Recall’s performance is rather good even on the modest specs of my Samsung Galaxy Book2 Go 5G laptop:

  • Snapdragon 7c+ Gen 3 (4x Cortex-A78 @ 2.40 GHz, 4x Cortex-A55 @ 1.50 GHz
  • 3.4 GB of usable RAM
  • 256 GB SSD

Snapshot creation was instant, the “Screenray” process where snapshots get processed for text and visual content took less than a second, and scrubbing through the timeline was effortless. The only time you notice a dip in performance is when you search across snapshots. Even though the snapshots are already analyzed and their data is stored in a database, it still takes a good ~6 seconds to show you results.

(Image credit: Tom's Hardware)

So, does all this mean that the NPU requirement is a sham? No, of course not. Just because a feature is capable of working without an NPU doesn’t mean it can’t make use of one to better distribute the workload and deliver a more performant and satisfying experience. A dedicated GPU is a good analogy. Sure, you can get by with just an integrated one, but the difference once you go dedicated is definitely noticeable.

One interesting observation is that even current generation Arm64 SoCs come with NPUs – just because you can’t see one in Task Manager doesn’t mean it’s not there. To decide on how to optimally process data, the Recall experience package contains a component called NPUDetect which can tell what generation of NPU happens to be in your PC. While conducting various tests I was able to collect data for these SoCs:

  • Snapdragon 7c+ Gen 3
  • Snapdragon Compute Platform (8cx Gen 3, Windows Dev Kit 2023)
  • Ampere Altra

All of these are detected as NPU Generation 2 SoCs and the AI workload manager succeeds in making use of them. I also ended up inadvertently testing the NPU-less path when working with virtual machines. Out of box, using Recall in an Arm64 VM is not possible. The detection process recognizes the host SoC as one with an NPU, but due to VM isolation, attempting to use it results in Recall’s background processes crashing. By patching the detection process to treat the VM as if there was no NPU I was able to get Recall working in there as well. Performance seems comparable to how bare metal Snapdragon 7c+ Gen 3 performs which is quite decent.

In case you happen to own Arm64 hardware and would like to give Recall a whirl, the tooling I created along the way is now public. You can download it from this GitHub repository. Make sure to follow the guide you see on the landing page so you don’t miss any prerequisites.

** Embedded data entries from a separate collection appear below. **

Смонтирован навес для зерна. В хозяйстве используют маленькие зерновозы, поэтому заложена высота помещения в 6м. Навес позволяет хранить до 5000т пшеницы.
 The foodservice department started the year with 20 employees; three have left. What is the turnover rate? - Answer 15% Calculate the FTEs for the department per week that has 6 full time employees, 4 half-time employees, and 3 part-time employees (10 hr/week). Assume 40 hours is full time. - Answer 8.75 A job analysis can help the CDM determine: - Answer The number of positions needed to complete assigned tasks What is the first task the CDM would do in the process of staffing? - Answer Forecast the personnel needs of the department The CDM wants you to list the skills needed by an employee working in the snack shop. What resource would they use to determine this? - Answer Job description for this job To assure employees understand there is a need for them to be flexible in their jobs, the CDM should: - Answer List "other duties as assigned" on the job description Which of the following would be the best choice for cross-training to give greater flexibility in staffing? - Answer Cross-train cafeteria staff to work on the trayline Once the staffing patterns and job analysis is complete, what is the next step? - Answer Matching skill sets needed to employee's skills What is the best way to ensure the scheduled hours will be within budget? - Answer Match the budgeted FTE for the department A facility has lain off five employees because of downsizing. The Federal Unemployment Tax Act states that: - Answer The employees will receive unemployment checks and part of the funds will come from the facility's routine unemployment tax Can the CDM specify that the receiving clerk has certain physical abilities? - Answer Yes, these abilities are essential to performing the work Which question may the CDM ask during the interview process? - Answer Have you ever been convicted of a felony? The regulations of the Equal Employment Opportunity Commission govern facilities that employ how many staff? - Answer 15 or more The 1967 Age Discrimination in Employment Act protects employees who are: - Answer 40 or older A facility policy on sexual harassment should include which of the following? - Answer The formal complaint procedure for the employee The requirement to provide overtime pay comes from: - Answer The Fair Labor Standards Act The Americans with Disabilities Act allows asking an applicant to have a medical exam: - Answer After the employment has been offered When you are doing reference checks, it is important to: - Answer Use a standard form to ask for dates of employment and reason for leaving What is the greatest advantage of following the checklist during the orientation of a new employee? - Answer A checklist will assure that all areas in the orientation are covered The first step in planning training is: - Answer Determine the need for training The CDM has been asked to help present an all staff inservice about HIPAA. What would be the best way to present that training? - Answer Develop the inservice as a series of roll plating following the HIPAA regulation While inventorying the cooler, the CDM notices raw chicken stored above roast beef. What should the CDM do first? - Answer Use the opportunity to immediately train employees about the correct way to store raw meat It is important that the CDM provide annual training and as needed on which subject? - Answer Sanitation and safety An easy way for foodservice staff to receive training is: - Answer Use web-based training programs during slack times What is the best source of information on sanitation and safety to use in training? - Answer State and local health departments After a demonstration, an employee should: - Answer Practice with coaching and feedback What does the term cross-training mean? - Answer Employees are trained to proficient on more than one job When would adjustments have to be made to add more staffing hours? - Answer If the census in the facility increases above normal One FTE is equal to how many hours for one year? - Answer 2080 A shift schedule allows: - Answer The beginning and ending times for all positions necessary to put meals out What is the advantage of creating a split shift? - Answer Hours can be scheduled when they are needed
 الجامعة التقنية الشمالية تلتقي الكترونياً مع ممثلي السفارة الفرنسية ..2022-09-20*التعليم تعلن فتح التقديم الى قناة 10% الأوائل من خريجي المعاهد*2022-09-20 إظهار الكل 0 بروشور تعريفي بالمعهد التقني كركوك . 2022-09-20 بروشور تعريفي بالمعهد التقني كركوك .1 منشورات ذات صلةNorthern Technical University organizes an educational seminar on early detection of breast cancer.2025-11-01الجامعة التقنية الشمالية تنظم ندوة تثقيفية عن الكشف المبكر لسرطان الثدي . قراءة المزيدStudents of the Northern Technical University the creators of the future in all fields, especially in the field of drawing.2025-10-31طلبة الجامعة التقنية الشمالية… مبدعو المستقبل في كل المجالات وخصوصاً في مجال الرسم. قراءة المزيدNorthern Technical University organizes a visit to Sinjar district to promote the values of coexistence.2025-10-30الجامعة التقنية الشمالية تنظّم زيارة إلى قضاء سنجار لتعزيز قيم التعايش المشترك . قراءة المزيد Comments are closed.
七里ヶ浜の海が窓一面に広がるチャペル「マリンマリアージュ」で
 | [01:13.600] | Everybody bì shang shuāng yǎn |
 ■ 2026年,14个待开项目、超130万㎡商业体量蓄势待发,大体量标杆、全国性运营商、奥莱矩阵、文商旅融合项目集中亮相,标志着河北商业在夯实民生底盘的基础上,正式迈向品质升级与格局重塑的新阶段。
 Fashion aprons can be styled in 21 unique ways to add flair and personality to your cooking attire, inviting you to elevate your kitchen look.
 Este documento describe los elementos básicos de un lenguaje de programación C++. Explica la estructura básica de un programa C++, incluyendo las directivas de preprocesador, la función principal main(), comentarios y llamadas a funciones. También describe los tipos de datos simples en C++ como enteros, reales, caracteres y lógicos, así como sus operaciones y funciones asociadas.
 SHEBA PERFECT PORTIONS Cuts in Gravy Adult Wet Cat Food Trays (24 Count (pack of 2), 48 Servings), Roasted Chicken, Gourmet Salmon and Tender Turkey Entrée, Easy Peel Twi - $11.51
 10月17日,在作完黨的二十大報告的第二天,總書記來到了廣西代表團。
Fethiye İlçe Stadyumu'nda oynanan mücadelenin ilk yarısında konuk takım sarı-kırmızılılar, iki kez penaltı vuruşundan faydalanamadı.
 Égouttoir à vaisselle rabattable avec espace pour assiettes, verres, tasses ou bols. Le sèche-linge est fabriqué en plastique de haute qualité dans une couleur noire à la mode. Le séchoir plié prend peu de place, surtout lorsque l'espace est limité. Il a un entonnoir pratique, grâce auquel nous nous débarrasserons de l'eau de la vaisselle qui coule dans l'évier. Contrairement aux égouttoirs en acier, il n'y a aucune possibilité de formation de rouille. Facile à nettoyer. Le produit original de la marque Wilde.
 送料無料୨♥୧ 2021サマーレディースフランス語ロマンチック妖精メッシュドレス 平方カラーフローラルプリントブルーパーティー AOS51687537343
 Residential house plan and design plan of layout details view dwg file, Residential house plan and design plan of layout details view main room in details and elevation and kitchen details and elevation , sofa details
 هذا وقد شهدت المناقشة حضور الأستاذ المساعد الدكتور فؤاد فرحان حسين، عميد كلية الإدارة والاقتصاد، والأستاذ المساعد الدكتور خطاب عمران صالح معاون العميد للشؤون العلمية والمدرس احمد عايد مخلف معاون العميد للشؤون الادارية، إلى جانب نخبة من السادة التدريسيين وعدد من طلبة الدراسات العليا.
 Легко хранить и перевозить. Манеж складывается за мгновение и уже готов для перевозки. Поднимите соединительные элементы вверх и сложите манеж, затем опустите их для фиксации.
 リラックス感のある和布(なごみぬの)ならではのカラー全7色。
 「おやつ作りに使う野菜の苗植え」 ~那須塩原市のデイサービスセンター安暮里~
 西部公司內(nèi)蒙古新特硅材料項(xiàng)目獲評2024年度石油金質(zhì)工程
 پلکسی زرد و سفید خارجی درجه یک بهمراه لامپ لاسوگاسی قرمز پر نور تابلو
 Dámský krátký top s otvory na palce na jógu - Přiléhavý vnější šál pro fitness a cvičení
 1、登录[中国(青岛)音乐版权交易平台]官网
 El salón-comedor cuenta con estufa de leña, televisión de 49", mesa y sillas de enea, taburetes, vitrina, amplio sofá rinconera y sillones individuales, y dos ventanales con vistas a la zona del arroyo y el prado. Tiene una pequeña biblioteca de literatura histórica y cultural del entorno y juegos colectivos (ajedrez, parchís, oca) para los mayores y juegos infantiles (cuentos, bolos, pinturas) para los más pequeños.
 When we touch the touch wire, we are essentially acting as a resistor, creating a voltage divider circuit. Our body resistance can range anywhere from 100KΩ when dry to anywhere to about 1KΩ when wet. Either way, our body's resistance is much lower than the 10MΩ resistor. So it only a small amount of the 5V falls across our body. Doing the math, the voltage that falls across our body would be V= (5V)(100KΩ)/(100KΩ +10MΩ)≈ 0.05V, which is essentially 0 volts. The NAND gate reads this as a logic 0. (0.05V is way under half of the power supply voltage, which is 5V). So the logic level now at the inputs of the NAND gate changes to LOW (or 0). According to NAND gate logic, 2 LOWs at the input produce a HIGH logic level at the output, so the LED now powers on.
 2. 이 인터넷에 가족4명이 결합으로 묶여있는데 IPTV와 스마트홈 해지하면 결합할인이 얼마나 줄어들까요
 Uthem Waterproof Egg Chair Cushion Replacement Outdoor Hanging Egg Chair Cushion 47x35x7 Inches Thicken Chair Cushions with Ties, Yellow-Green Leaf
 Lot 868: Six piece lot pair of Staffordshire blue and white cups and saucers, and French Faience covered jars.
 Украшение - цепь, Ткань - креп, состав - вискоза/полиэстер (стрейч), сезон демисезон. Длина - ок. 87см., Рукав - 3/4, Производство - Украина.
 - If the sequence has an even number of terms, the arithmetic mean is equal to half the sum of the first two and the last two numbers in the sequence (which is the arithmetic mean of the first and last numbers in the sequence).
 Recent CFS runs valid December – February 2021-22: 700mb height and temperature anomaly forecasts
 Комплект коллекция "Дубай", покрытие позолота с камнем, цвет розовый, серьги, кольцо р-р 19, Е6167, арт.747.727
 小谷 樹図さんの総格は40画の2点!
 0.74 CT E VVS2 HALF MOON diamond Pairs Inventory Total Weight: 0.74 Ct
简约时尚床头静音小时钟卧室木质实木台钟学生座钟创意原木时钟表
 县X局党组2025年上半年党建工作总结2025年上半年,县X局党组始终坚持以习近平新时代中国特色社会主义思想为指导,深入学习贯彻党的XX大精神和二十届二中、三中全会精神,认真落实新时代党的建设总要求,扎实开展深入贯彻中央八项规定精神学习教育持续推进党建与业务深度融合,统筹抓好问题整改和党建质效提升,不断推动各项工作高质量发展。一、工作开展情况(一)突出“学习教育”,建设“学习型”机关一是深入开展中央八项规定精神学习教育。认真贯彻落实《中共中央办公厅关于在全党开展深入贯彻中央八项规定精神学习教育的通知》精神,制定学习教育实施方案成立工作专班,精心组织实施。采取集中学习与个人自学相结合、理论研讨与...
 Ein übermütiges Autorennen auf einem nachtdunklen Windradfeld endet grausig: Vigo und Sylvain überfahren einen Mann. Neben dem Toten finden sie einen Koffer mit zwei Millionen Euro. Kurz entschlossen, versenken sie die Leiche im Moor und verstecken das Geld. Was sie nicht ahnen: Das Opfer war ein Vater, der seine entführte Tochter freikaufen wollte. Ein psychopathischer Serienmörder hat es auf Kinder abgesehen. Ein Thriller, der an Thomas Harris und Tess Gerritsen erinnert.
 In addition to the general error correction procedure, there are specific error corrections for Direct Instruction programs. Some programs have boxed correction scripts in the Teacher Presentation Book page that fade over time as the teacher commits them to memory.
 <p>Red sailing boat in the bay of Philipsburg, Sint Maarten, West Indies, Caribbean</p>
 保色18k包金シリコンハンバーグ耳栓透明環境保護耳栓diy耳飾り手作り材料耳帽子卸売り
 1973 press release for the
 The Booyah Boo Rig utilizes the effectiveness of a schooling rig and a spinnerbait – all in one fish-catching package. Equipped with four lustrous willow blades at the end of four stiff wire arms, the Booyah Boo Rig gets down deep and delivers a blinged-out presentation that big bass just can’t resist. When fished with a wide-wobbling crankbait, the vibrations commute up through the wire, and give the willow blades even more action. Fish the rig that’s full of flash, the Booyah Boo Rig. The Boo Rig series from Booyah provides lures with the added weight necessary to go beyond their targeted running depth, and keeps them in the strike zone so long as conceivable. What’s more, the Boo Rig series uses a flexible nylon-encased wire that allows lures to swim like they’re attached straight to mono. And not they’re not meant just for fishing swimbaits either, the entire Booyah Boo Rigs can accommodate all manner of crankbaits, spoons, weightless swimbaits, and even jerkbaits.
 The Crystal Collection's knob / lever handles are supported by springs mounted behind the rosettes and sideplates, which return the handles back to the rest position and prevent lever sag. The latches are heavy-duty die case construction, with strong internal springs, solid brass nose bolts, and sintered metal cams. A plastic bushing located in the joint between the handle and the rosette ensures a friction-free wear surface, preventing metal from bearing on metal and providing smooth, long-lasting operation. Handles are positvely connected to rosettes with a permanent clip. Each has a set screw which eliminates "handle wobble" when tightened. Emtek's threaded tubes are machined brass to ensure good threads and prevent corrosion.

If you don’t have Arm64 hardware around but would still like to try Recall as soon as possible, there’s an emulation guide available. Keep in mind that emulating modern hardware comes at the cost of time and a lot of computing resources, as well as a bit of a learning curve as it involves some command line heavy lifting. Nonetheless, the option is there if you’d like to get your hands on some virtual Arm64 hardware first.

Once you have all the files ready, you can simply run the installer from the command prompt, watch the automagical enablement process, and voilà. One reboot later, Recall should be ready to use.